The metadata must comply with two important functions - to describe data  and to provide access to data. This latter function is enabled by references to data in the DOBM files. 

The classification of data into categories is enabled by the DOBM.DATA tag with the parameters HREF, CTGLABEL, NAME, TYPE, LANG,  and ENCODING. 

HREF contains the URL of the file with data. 

ENCODING marks the code page used in the data file. The default value of this parameter is given by the parameter ENCODING of the  DOBM tag; for the list of possible values see the chapter 3.4. Writing of characters. 
 
The signification of the parameters CTGLABEL, NAME, LANG is the same as in the case of the DOBM.DX tag. 

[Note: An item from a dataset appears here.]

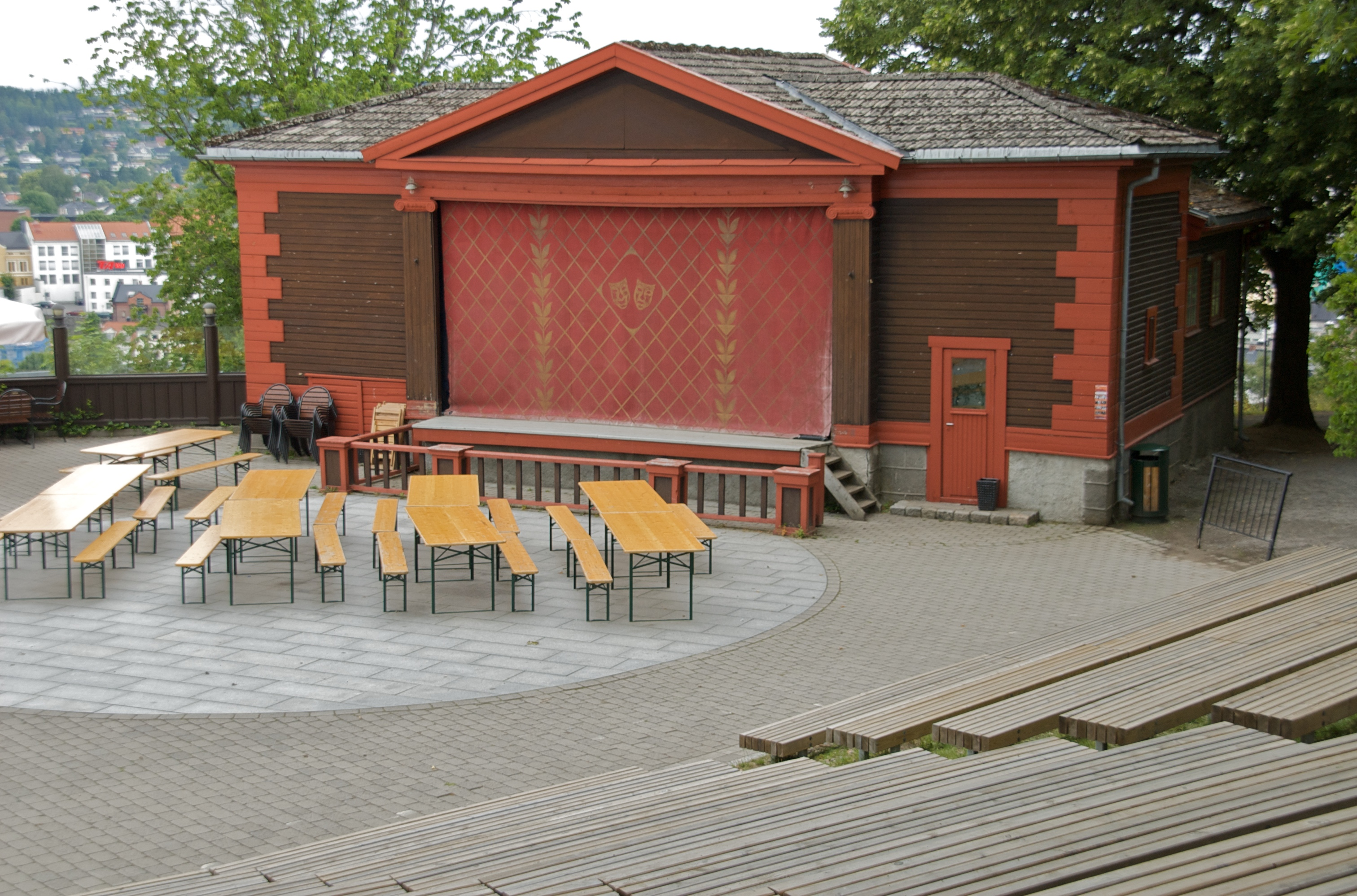 The scene at Brekkeparken, Skien, Norway.

The parameter TYPE is the type of the data category. It can have the values as TEXT, IMAGE, SOUND, or MOTION. 

 

Note: The parameters LANG and ENCODING are applied only for the type TEXT. 

 

The element DOBM.DATA has no end tag; therefore, it is empty. It is placed between the tags DOBM and HTML. 
As the HTML browsers do not recognize the tags DOBM.DATA, it is recommended to write the corresponding HTML hypertext references (<A HREF=... >...</A>) within the body of the document (between the tags <HTML> ... </HTML>). 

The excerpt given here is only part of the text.